Article Text

Download PDFPDF

A new method for autozygosity mapping using single nucleotide polymorphisms (SNPs) and ExcludeAR
  1. C G Woods1,
  2. E M Valente2,
  3. J Bond1,
  4. E Roberts1
  1. 1Molecular Medicine Unit, St James’s University Hospital, Leeds, UK
  2. 2IRCCS CSS, San Giovanni Rotondo and CSS Mendel, Rome, Italy
  1. Correspondence to:
 C G Woods
 Molecular Medicine Unit, Clinical Sciences Building, St James’s University Hospital, Beckett Street, Leeds LS9 7TF, UK;

Statistics from

The development of a silicon chip, such as the Affymetrix 10K Xba 131, bearing sufficient oligonucleotides to analyse 10 913 single nucleotide polymorphisms (SNPs) presents a new method for seeking autosomal recessive loci.1 This letter describes a practical strategy to analyse the data output of such an “SNP-chip” for this purpose.

Autozygosity mapping, first suggest by Lander and Botstein, is the method of choice for the discovery of autosomal recessive gene loci.2 The methodology seeks homozygous regions in consanguineous families. The greater the number of affected individuals who have a shared homozygous region and the greater the size of the region, the more likely it is to harbour the mutation that causes the disease. Mueller and Bishop modelled the use of a single multi-affected family and suggested that this was the most efficient strategy to determine a disease locus, particularly given the complexities of genetic heterogeneity.3 Autozygosity mapping became practical with the discovery of multiple highly polymorphic microsatellite repeat markers spread throughout the genome.4 Most researchers currently use optimised panels of approximately 400 markers for an initial genome-wide screen for linkage, giving 10–12 cM coverage of the autosomal genome; a process that has lead to the discovery of many recessive loci.5

The currently available SNP-chip detects SNPs spread throughout the genome (with the exception of the Y chromosome) and is analysed following a single hybridisation reaction with one individual’s genomic DNA. The results are produced as a simple spreadsheet of the SNP allele calls. Whilst each SNP has far less power to detect a homozygous chromosomal segment than a microsatellite marker, it is both their number (10 913 SNPs are equivalent to a 3–4 cM microsatellite marker map6) and their ability to detect a heterozygous region, and hence exclude linkage, that suggested their potential use in autozygosity mapping. An average microsatellite marker has a 70% chance of detecting a heterozygous region, but the approximately 30 SNPs within the same region have a >99% chance of detecting heterozygosity. (The chance that one of the 30 SNPs will be heterozygous is 1–0.730, which is >0.999, and on average nine of the 30 SNPs will be heterozygous.)

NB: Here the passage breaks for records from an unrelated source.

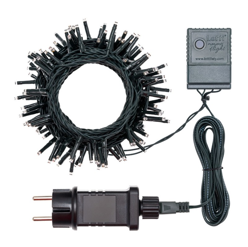 Catena lineare TLG 180 MiniLED BIANCO CALDO Ø3mm Reflex, timer memory controller 8 giochi di luce selezionabili con timer on-off 8-16 ore disinseribile tramite pulsante luminoso, uso esterno, cavo verde, dimensioni 4+13,1m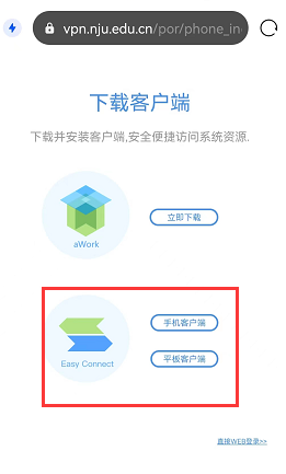 8)手机端登录如出现报错“EMM授权达到最大数”,请卸载后,重新去https://vpn.nju.edu.cn下载、安装 Easy Connect 客户端(不是aWork!)如图: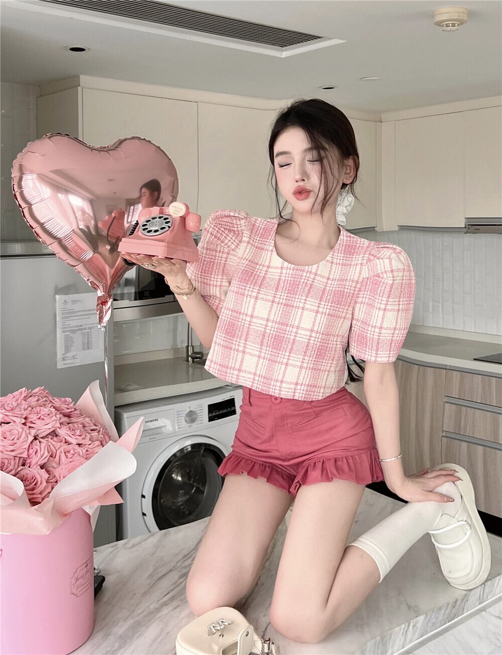 Pink suit women's 2022 summer new puff sleeves plaid French short-sleeved tops are thin and bud casual shorts ピンク カジュアル サマー 夏物 ショーツ ブルマー nana83333024590 | modepoisson

We have designed the following method to adapt Affymetrix SNP-chip output for autozygosity mapping.

  1. Only affected individuals from a multi-affected pedigree are analysed; in general the minimum sample analysis necessary is four from a single sibship or three from two or more sibships. Parents and unaffected siblings are not analysed.

  2. The primary results from each individual’s SNP-chip hybridisation are produced as a simple Excel spreadsheet. For each individual the results are then sorted by chromosome and genetic distance using a simple “data sort” Excel command. The column of sorted SNP allele calls is “copied.”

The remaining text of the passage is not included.